If this sounds familiar at 247WallSt.com, it is because this was listed as one of “turnarounds that hasn’t turned around” recently. In the we noted: “When you backdate the news and look at the history of the company you’d think that the turn may have already started. But shares are barely above 52-week lows and are barely off of multi-year lows too.”
MMI was one of the reasons we named Brinks (NYSE: BCO) to our Special Situations newsletter, and is also part of the reason we have not wanted to close out that position to lock in would-be profits. You can look at their last proxy filing to see how involved MMI can get.

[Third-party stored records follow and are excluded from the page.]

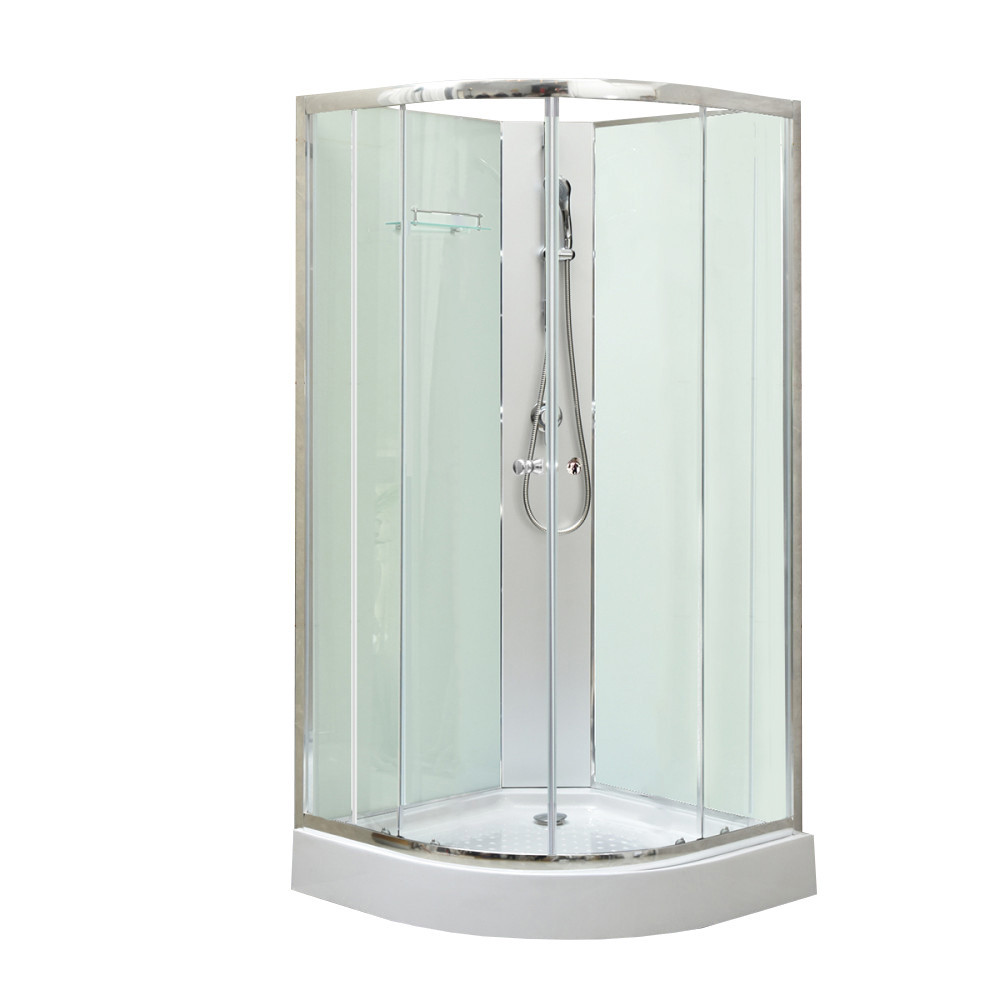 íves zuhanykabin zuhanytálcával és teljes felszereltséggel
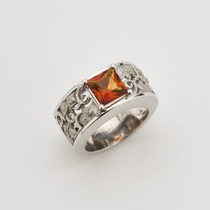 CARRERA Y CARRERA. Sortija en oro blanco mate y brillo con citrino central talla carré de 7 x 7 mm. y brazos calados con motivos florales. Firmada y numerada: 33 84 19.
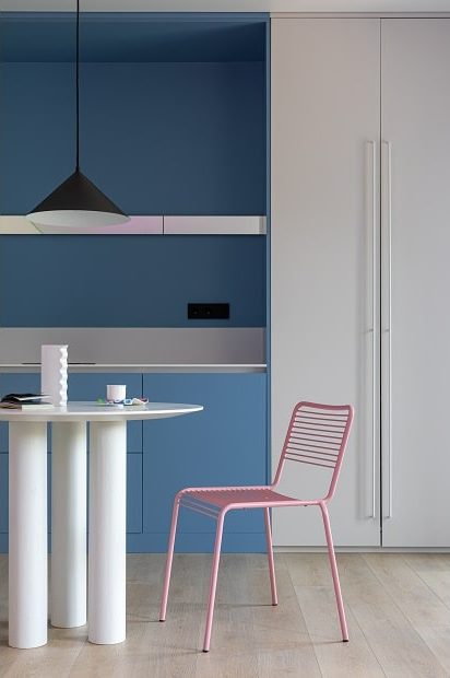 Коммерческое назначение недвижимости мотивировало выжать максимум из однушки площадью 40 кв. м. В квартире сделали перепланировку: объединили кухню с гостиной, выделив спальное место. Кровать на подиуме обособили от остального пространства плотной светонепроницаемой темно-синей портьерой. «Морские» оттенки акцентно использованы во всей квартире.
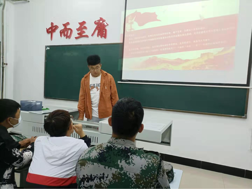会议伊始,朱文旭对本次班会内容进行简要介绍。期间,朱文旭首先向同学们详细的介绍了中国共产党党组织的发展历程。随后,朱文旭对党的性质与章程做出介绍,接下来朱文旭向班级同学详细介绍学院入党流程,并对信息工程系计算机与电子专业学生党支部的领导小组进行介绍;其次,朱文旭强调:“我们应该端正入党动机,明白中国共产党就是要全心全意服务人民。”最后朱文旭为大家详细介绍了年满18周岁的新生入党的相关程序,其中包括入党申请书的书写以及后期成为预备党员后的相关事项。
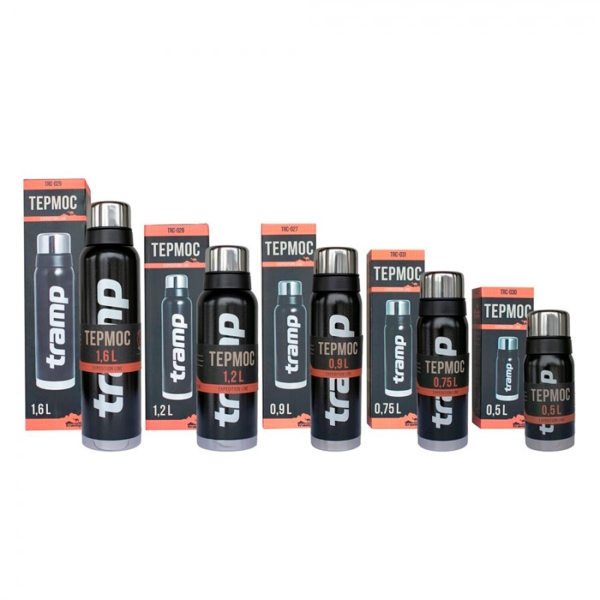 Tramp TRC-031 объемом 750 мл относится к серии Expedition Line. Сосуд двухслойный, выполнен из нержавеющей стали 18/8 и пластика. В пробке есть каналы для налива, что позволяет не вынимать ее полностью и снизить теплопотери. В комплекте — две чашки: большая стальная размером 7 х 6 см (130 мл) и малая пластиковая размером 6,5 х 4 см (100 мл). Диаметр горлышка термоса — 4,5 см. Очистку колбы упрощает особая обработка внутренней стороны.
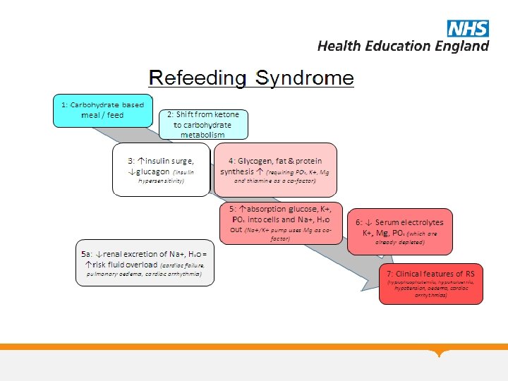 Percieved risks for refeeding syndrome • Rate of weight loss prior to refeeding* (Crook, Hally et al. 2001; Boateng, Sriram et al. 2010; Raj, Keane-Miller et al. 2012) • The extent of malnutrition* (Ornstein, Golden et al. 2003; Raj, Keane-Miller et al. 2012) • Method of refeeding (enteral verse Parenteral) (Weinsier and Krumdieck 1981; Diamanti, Basso et al. 2008) • Carbohydrate load (Kohn, Madden et al. 2011; O'Connor and Goldin 2011); • Rate at which nutrition is introduced (Kohn, Golden et al. 1998; Whitelaw, Gilbertson et al. 2010) *Jnr MARSIPAN defines this as: < 70% Wf. H or 70 -80% Wf. H, or faster rates of wt loss of 500 -999 g for 2 consecutive weeks. Minimal or no feeding prior to admission, or commencing re-feeding – estimated intake c. 400 -600 kcals/day or severe restriction (less than 50% of required intake).
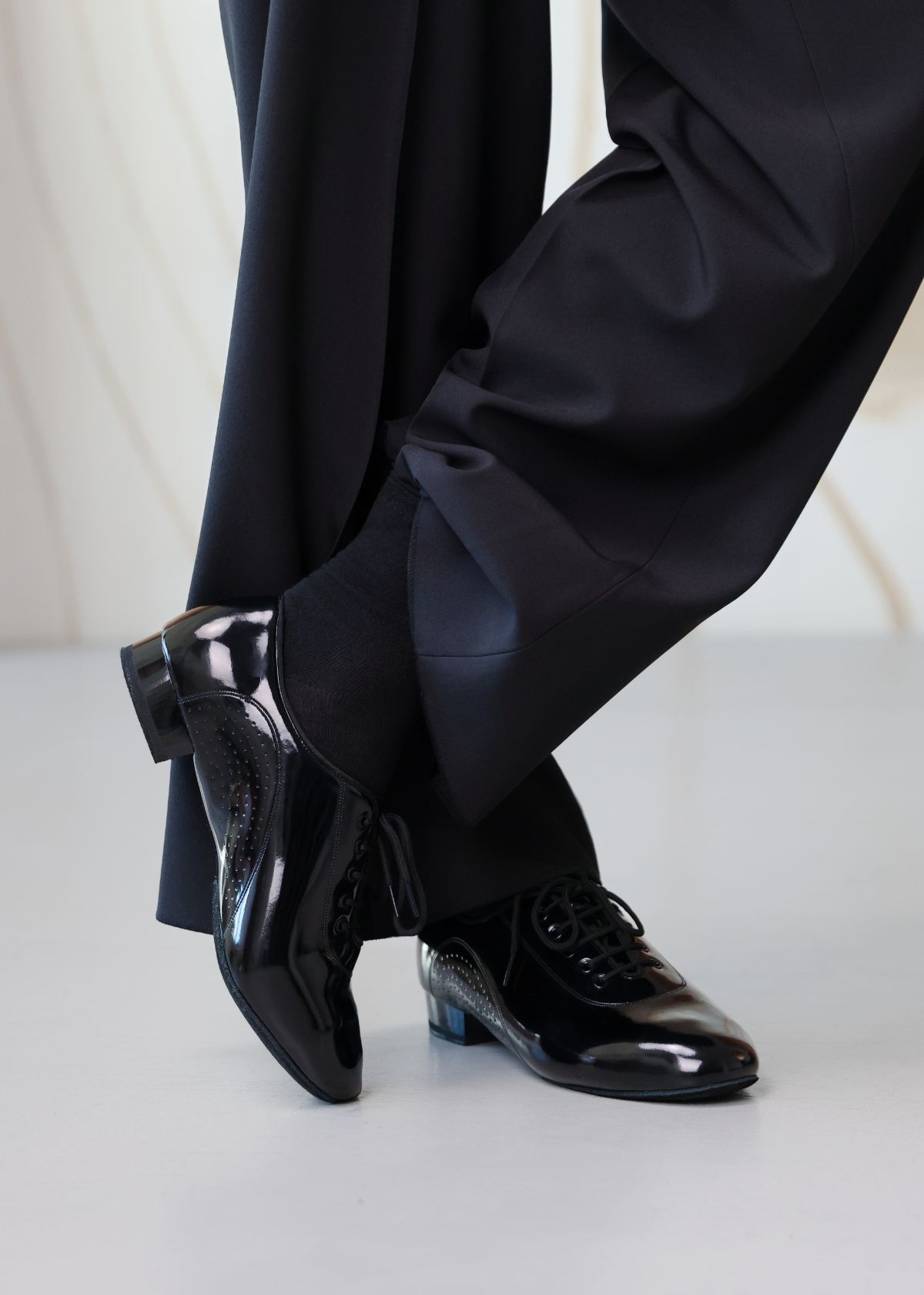 Мужские бальные туфли для стандарта HAMILTON МСт 309 – сочетание стиля, комфорта и функциональности. Идеальный выбор для профессиональных танцоров, стремящихся к стабильности и удобству во время сложных движений на паркете.Модель доступна в трёх вариантах:Лакированная кожа – для эффектного вида и лёгкого ухода.Текстиль Oxford – обеспечивает лёгкость и комфорт.Натуральная кожа – для классического стиля и долговечности.Основные акценты:Перфорация боковой части обеспечивает вентиляцию и комфорт.Шнуровка позволяет регулировать плотность посадки на стопе.Заниженная линия верхнего канта не давит на косточку, обеспечивая свободу движений.Длинный супинатор поддерживает подъём стопы, обеспечивая дополнительную устойчивость.Двойная набойка из микропоры и спилка улучшает амортизацию.Высота каблука 2 см – оптимальна для комфорта и баланса.Мягкая латексная стелька добавляет комфорта при длительном ношении.Подкладка из текстильного материала поглощает влагу и уменьшает скольжение стопы.Подошва из спилка обеспечивает надёжное сцепление с паркетом.Уход:Для сохранения внешнего вида и функциональности рекомендуется чистка мягкой щёткой или салфеткой. Лакированные модели следует полировать специальными средствами. Хранить в сухом месте, избегая повышенной влажности.HAMILTON МСт 309 – это уверенность в каждом движении на паркете!

MMI sent a shareholder letter in early January to urge its review of alternatives, and part of that encouragement included its government services business. We are not actually under the belief that a mega-premium buyout is in the cards for Unisys. We are not overly encouraged by an already-leveraged balance sheet that is too heavy in goodwill and intangible assets. But we do believe that the company can continue to make cuts as needed and can streamline certain operations that are not contributing to the bottom line. The company is still underperforming compared to analyst estimates, but it has at least come back to ‘quarterly profitability’ and that is at least a start.
Those of you who trade turnarounds will want to keep this one on your watch lists. It may be a long slow road, but it looks like the car is at least out of the shop even if it isn’t on the road yet.